Please RSVP to Inna Strizhevsky at istrizh@emory.edu by Monday, January 19.

Kelly Bulkeley 
"Dreams and Religious Healing: Ancient rituals, modern therapies, future technologies"
Thursday, February 18 2016, 4:30 PM Candler School of Theology, RARB 252 

Dream-related practices of healing are found in religious traditions all over the world, and they have deeply influenced the modern psychotherapeutic methods of Freud, Jung, and many others.  This presentation will shed new light on the effectiveness of these practices by describing the latest scientific research on brain-mind functioning during sleep and dreaming.  The discussion will include possible applications of dream database technology in future modes of therapy, in both religious and secular contexts.

Kelly Bulkeley, Ph.D., is a Visiting Scholar at the Graduate Theological Union in Berkeley, California. Architect of the Sleep and Dream Database (SDDb), former President of the International Association for the Study of Dreams and Senior Editor of the APA journal Dreaming, his recent works include Big Dreams: The Science of Dreaming and the Origins of Religion (Oxford University Press, in press), Dreaming in the Classroom: Practices, Methods, and Resources in Dream Education (co-authored with Philip King and Bernard Welt) (State University of New York Press, 2011), and Dreaming in the World’s Religions: A Comparative History (New York University Press, 2008).
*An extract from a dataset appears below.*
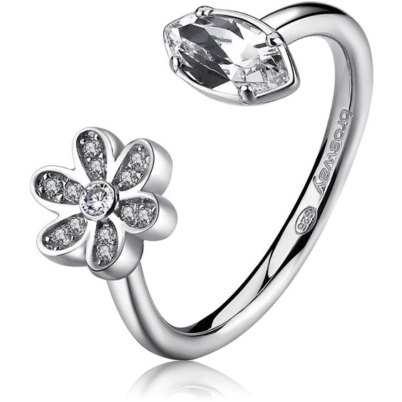 Anello Di Brosway Da Donna Della Collezione Affinity. Anello In Argento 925 Con Fiore, Pavè Di Zirconi Bianchi E Cristalli Swarovski Crystal. Anello Della Misura 14.

Event sponsored by the Graduate Division of Religion and the Psychoanalytic Studies Program.

Noëlle McAfee
“Deliberation and the Work of Mourning”
Wednesday, March 23 2016, 4:30PM, White Hall 103

Dr. Noëlle McAfee is Professor of Philosophy and affiliated faculty in Women’s, Gender, and Sexuality Studies and the Psychoanalytic Studies Program at Emory University. She is also a candidate at the Emory University Psychoanalytic Institute. She is the author of Democracy and the Political Unconscious (Columbia 2008); Julia Kristeva (Routledge 2003); Habermas, Kristeva, and Citizenship (Cornell 2000); and numerous articles and book chapters. During the past decade she has worked on projects supported by the Kettering Foundation, the Ford Foundation, and the MacArthur Foundation. She received her PhD in philosophy at the University of Texas at Austin in 1998 with a dissertation on democratic agency in critical theory and French feminism. Her co-edited volumes include a special issue of the philosophy journal Hypatia on feminist engagements in democratic theory and an edited volume titled Democratizing Deliberation: A Political Theory Anthology (Kettering 2012). She is also co-director of the Public Philosophy Network and co-editor of the Kettering Review.  She is currently working on a book manuscript entitled Democracy Otherwise.

Political deliberation is not just a process of reason giving and consideration, which many political philosophers think it is, but an affective process that any psychoanalyst would recognize. As John Dewey noted, any choice is a forking of the roads, and the roads we take help create who we become. But equally important are the alleyways that haunt those roads and the losses we incur when we go in one direction rather than another. The work of mourning is as key for democratic citizens as it is for analysands. Without that work, politics becomes an enactment of fantasied, unrealistic expectations; demonic projections; and persecutory anxieties. Here work since Freud becomes vitally important in understanding our political situation. Melanie Klein, for example, offers a way of understanding “the depressive position” in which we work through fantasies of splitting and revenge. A politics of working through difficult choices and mis-representations of others in our midst could help allay the paranoid politics that dominates politics today.